Wednesday, July 23, 2014

Ketchum’s lopsided budget


    There are winners and losers in the proposed Ketchum city budget. City employees are clear winners. Clear losers are the Wagon Days celebration, which generates tax revenue, and Mountain Rides, whose services are utilized by both residents and visitors.
    Ketchum needs to explain to businesses, residents and taxpayers why it’s inflicting cuts on both programs and why it’s ranking increases for employees over infrastructure, services and revenue-generating events like Wagon Days.
    The budget is becoming lopsided.
    The budget contains raises that next year will be between 2 percent and 3.8 percent for employees, the city’s picking up wages for at least two and possibly three more firefighters, more parks and planning personnel, and 15 percent increases in medical insurance benefits for all employees.
    The increases are slated even though city revenues are down. This means that the city plans to shift money that should go to other programs and infrastructure in order to afford wage and benefit increases.
    This is not to pick on city employees who work hard for their money. However, in the last few years local public jobs have offered better wages with better benefits than comparable local jobs—and they come with no market risk.
    Local businesses—the very organizations that pay property taxes, and generate and collect local-option sales taxes—were battered by the economy last year. The city’s LOT revenues suffered as a result.

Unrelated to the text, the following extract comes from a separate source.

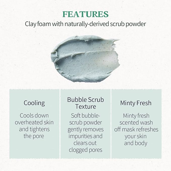 SKINFOOD Mask Pear Mint 120g - Facial Pore Cleanser, Soothing & Hydrating Body Skin - Pore & Sebum Clearing, Cooling Bubbles Scrub Wash Off Face Masks w/Rice Powder - Shower-Proof Texture (4.23 oz)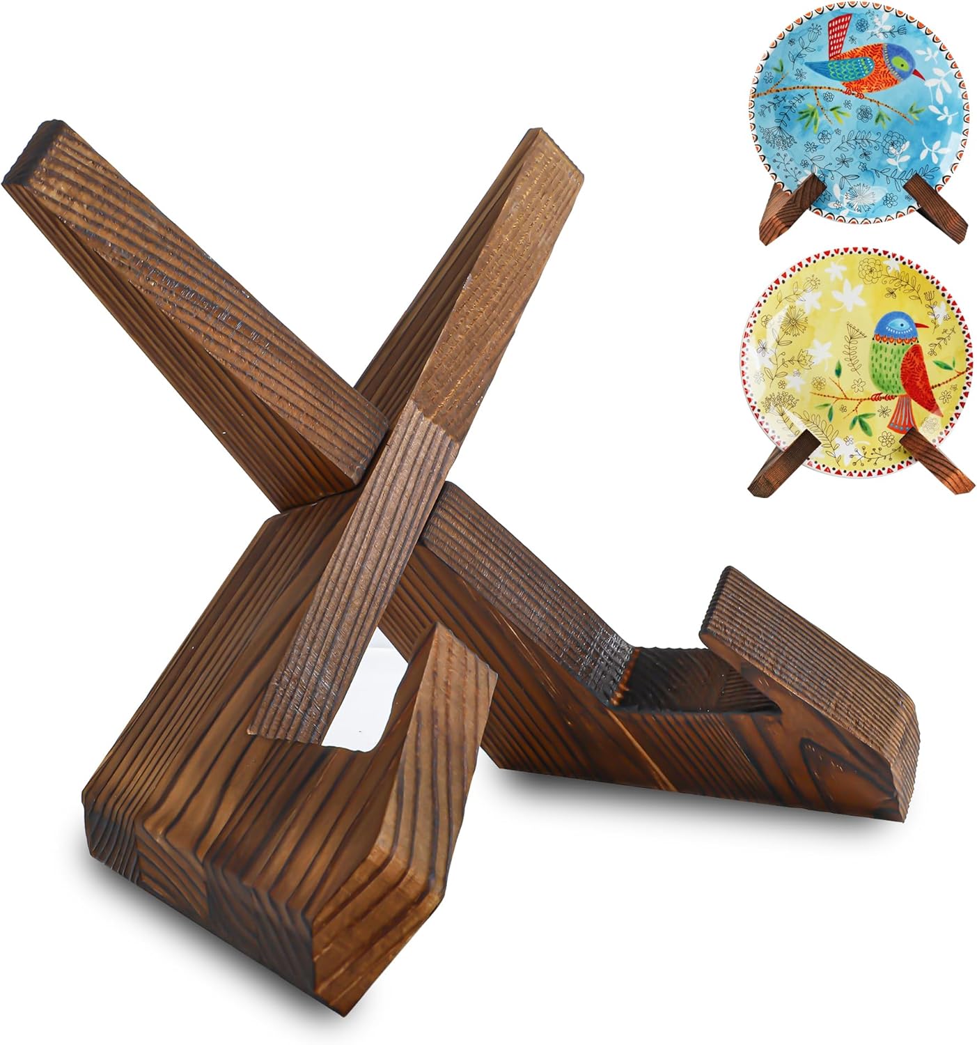 • Rustic Elegance – Solid pine wood stand with natural grain adds depth to displays, securely holding plates, photos, and art pieces.

    Businesses lost two weeks of peak-season revenue because of the Beaver Creek Fire. Then, a poor snow year piled on poor winter business. And, there was also the ongoing drain of unfair competition from untaxed Internet sales.
    Unlike the city, when businesses suffer revenue losses three things generally happen. First, employees don’t get raises, even if the cost of living rises as it has by 2 percent since last year. Second, jobs aren’t added. Third, products or services that generate revenue or are key operations are not cut.
    In continuing to increase wages, the $14.2 million Ketchum budget also shorts basic repairs to sidewalks and buildings.
    The budget lists no plans to restore the cuts if revenues improve. Instead, the city’s wish list contains money for acquiring open space. Unbudgeted, but also on the city’s radar, is a new city hall.
    The budget wisely maintains $450,000 for the Sun Valley Marketing Alliance. That said, the city should keep an eye on its investment and take its measure by eventually comparing SVMA’s costs to skier-day counts and the number of passengers arriving at the airport annually.
    Without a well-marketed and well-attended Wagon Days celebration, August business used to drop off radically. Without proper support, that could happen again—and whack LOT revenues hard.
    The city budget needs a healthier balance among labor, investment in the local economy, services infrastructure and pet projects—and a lot more debate.